From Policies to Guarantees: What Secured Agents Can (and Cannot) Do

This article concludes a three-part series explaining the Microsoft Research paper Securing AI Agents with Information-Flow Control (written by Manuel Costa, Boris Köpf, Aashish Kolluri, Andrew Paverd, Mark Russinovich, Ahmed Salem, Shruti Tople, Lukas Wutschitz, and Santiago Zanella-Béguelin).

In Part I, we looked at why tool-calling agents are dangerous by default. In Part II, we opened the agent and examined the planner: the place where decisions, memory, and labels meet.

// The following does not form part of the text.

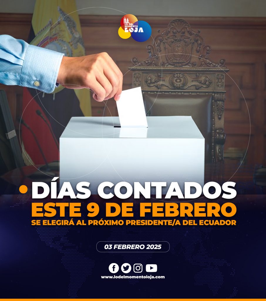 🇪🇨🗳️☑️ ¡A pocos días! El próximo 9 de febrero del 2025, los ecuatorianos acudirán a las urnas para elegir al nuevo Presidente o Presidenta del Ecuador, quien asumirá el cargo hasta el 2029, teniendo un total de 16 binomios como candidatos presidenciales. Además también se escogerán a asambleístas y representantes al Parlamento Andino.

In this final part, we answer the most important question: What security guarantees do we actually get once all of this machinery is in place?

This is where the paper moves from mechanisms to guarantees.

1. Policies as the Control Surface

Once we have a labeled planner and a taint-tracking planning loop, enforcing security reduces to a single question:

Should this tool call be allowed to proceed?

In the taint-tracking planner (Section 5.2, Part II), this question is answered by a policy check performed before any tool executes.

Policies are expressed purely in terms of labels:

• The label of the tool itself
• The labels of the tool’s arguments

A policy succeeds if, and only if, those labels are no more permissive than what the policy allows. That is, policies are local (checked at each tool call) but give rise to global guarantees about the agent’s behavior.

The paper focuses on two fundamental policies that are sufficient to express most real-world requirements.

1.1. Policy P-T: Trusted Actions

The first policy is Trusted Action (P-T).

This policy is designed to protect consequential actions: operations whose mere execution is dangerous, regardless of what data they handle. Examples include sending an email, creating a user, executing a transaction, modifying infrastructure, etc.

P-T requires that a tool call be generated exclusively from trusted data.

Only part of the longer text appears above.